KPMG was subsequently dumped on New Year’s eve in 2013 over its inquiries on 1MDB’s assets in the Cayman Islands, making way for Deloitte to assume the role as auditor of 1MDB. Both the 2013 and 2014 financial statements were verified by Deloitte before the firm resigned in February 2016.

Deloitte’s exit came after the US Department of Justice filed civil lawsuits against 1MDB, alleging that US$4.5 billion (RM18.3 billion) was looted from the state investment fund. Deloitte subsequently said its 2013 and 2014 audited financial statements should no longer be relied on. No accounts have been filed since 2015.

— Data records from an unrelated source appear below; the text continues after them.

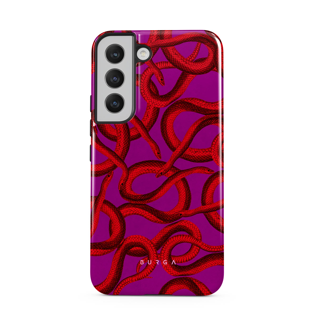 Watch Out Samsung Galaxy S22 phone case design offers a fierce feel with a bright magenta colored background covered in red snakes pattern. Make a statement while protecting your phone, as this case is guaranteed to catch everyone's eye.
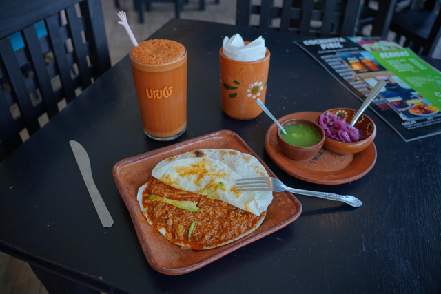 令我驚豔的是飲料,由於翻譯軟體翻完還是火星文,我只好依菜單順位點了「Tascalate」來解渴。結果超好喝,它有點像米漿,卻不知因加了什麼,多了種不在經驗裡的風味。詢問Google,是種來自「恰帕斯 地區的飲品,由玉米、可可粉、肉桂、紅木醬和紅糖製成,有的會再添些龍舌蘭酒,可惜後續幾天的店都沒看到這品項。
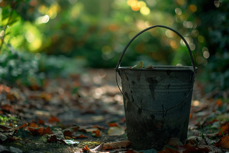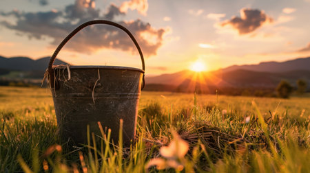 Rustic bucket sits in vibrant green field, illuminated by warm glow of sunset. sun casts golden hue over landscape, creating serene and peaceful atmosphere
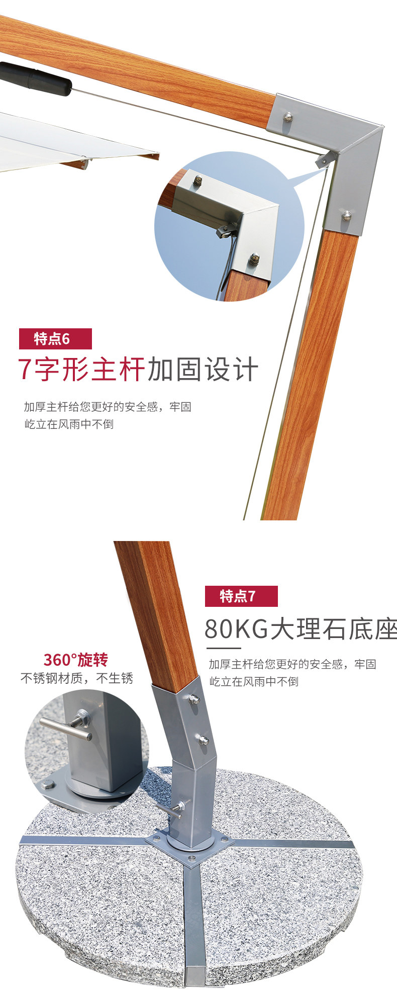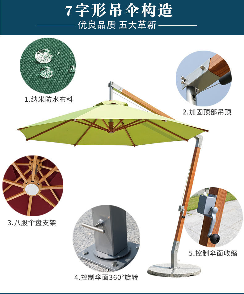 Shanglun Outdoor Parasol Garden Umbrella Имитация дерева все алюминиевое зонтик боковой зонтик римский зонтик на открытом воздухе открытая зонтика
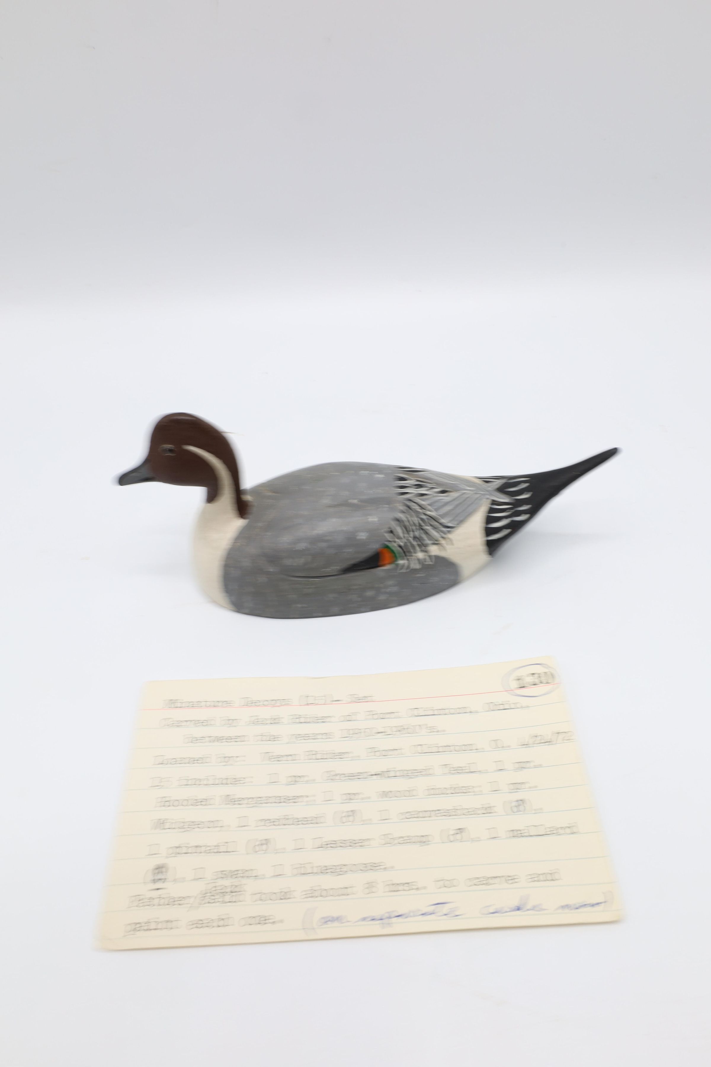 The fine detail on the feathers of this Pintail drake makes the miniature distinctive. It was carved by Jack Rider, a famous decoy carver from Port Clinton, Ohio, in the 1950s or 1960s.Context
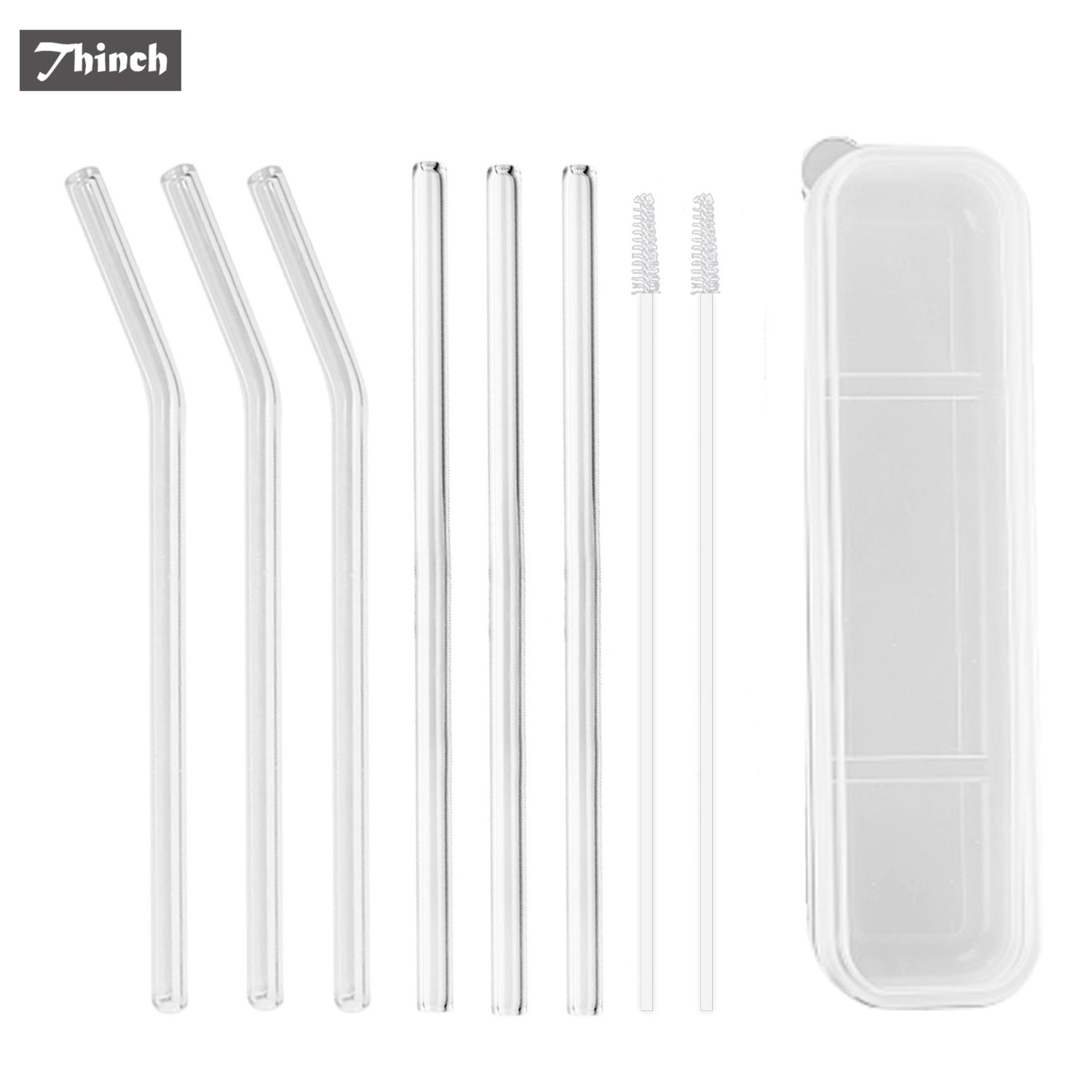 3pcs Reusable Clear Straight Drinking Glass Straws + 3pcs Bent Straws + 2pcs Cleaning Brush + Storage Box for Cold Bevarage Cocktail Coffee 180 x 8 mm
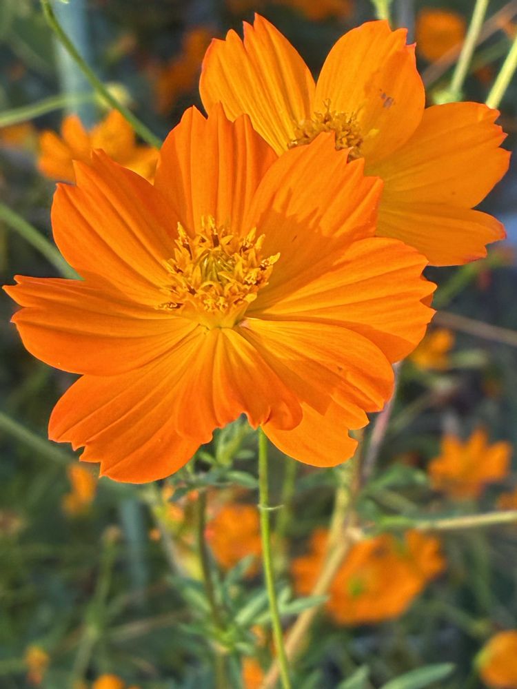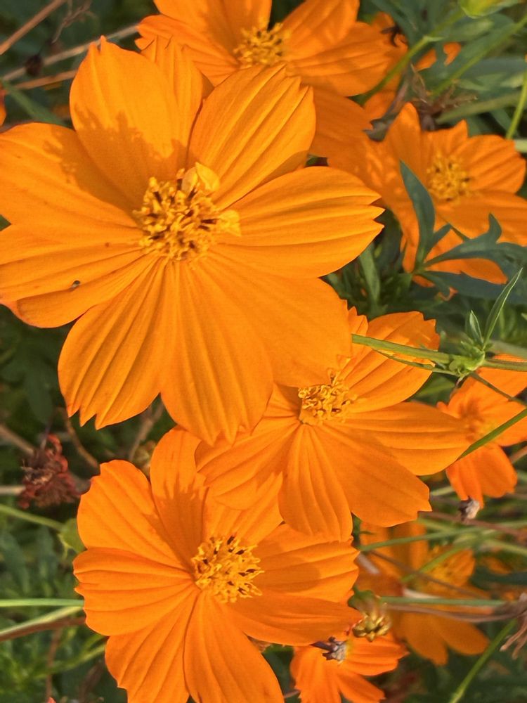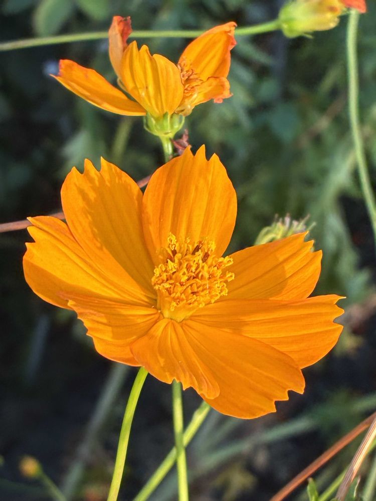 夕暮れ時、道路沿いの草村にて、オレンジ色の「キバナコスモス」をパチリ!📸🧡🌿😄🤗🌇
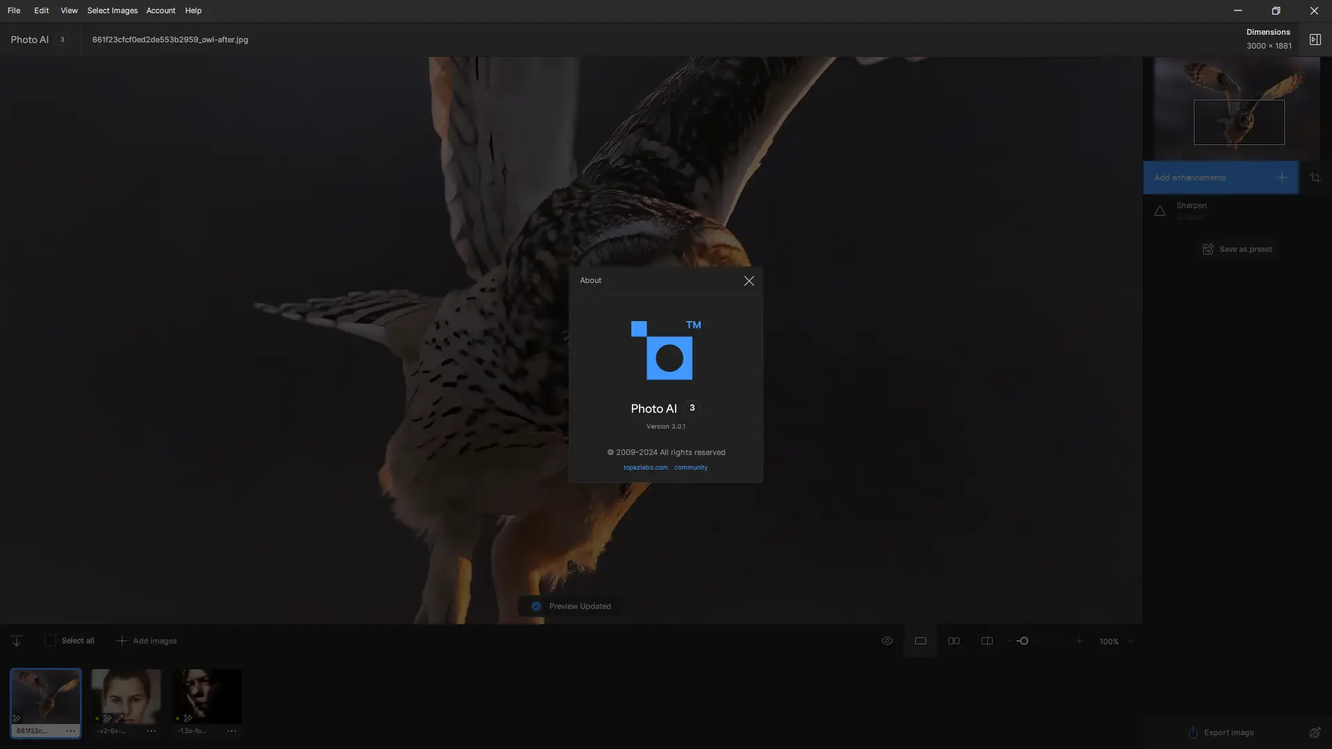 Topaz Photo AI представляет собой интегрированное решение для обработки изображений, разработанное на базе передовых алгоритмов машинного обучения. Программа сочетает в себе ключевые возможности таких продуктов, как Denoise AI, Sharpen AI и Gigapixel AI, позволяя устранять дефекты снимков и повышать их качество в едином интерфейсе. Обработка происходит с учётом контекста изображения, что обеспечивает естественный результат без артефактов.
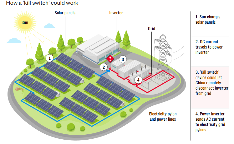 Üks allikas ütles Reutersile, et sellise varustuse ohtu seadmine annaks Pekingile võimaluse lääneriikidele elektrikatkestusi tekitada, väites, et see looks „sisseehitatud viisi elektrivõrgu füüsiliseks hävitamiseks“.
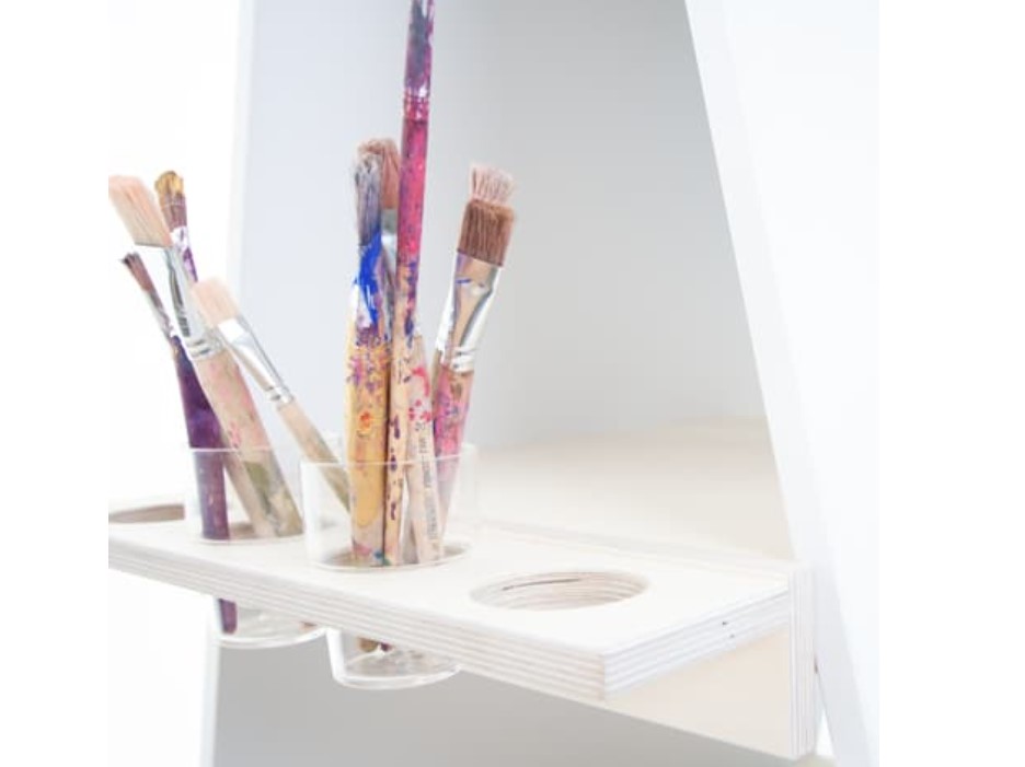 Plankje t.b.v. 4 bekers, 2 legplanken voor het opbergen van de verf en kwasten,

Global investigations into 1MDB have so far resulted in dozens of charges against politicians, bankers and financial institutions. The federal government has also filed criminal charges against US bank Goldman Sachs Group Inc for their bond sales arrangement for 1MDB.

Meanwhile, lawyer Lim Wei Jiet said actions taken by regulatory bodies reflect the authorities’ resolve to ensure that investors are protected in Malaysia.

“It also sends a signal that auditors must honour their public duty to promptly report any irregularities, failing which they will be held accountable to the full force of the law,” Lim said.

In the UK, the British arms of the Big Four accountancy companies are undergoing a radical shake-up by splitting their audit operations from the rest of their business to “restore confidence” in the firms.

The British chairmen of EY, KPMG and PricewaterhouseCoopers have pledged their commitment to the initiative after a string of accounting scandals and corporate collapses in the UK.

Watchdog groups and the general public have since called for a break-up of the Big Four firms and have demanded greater competition in the industry.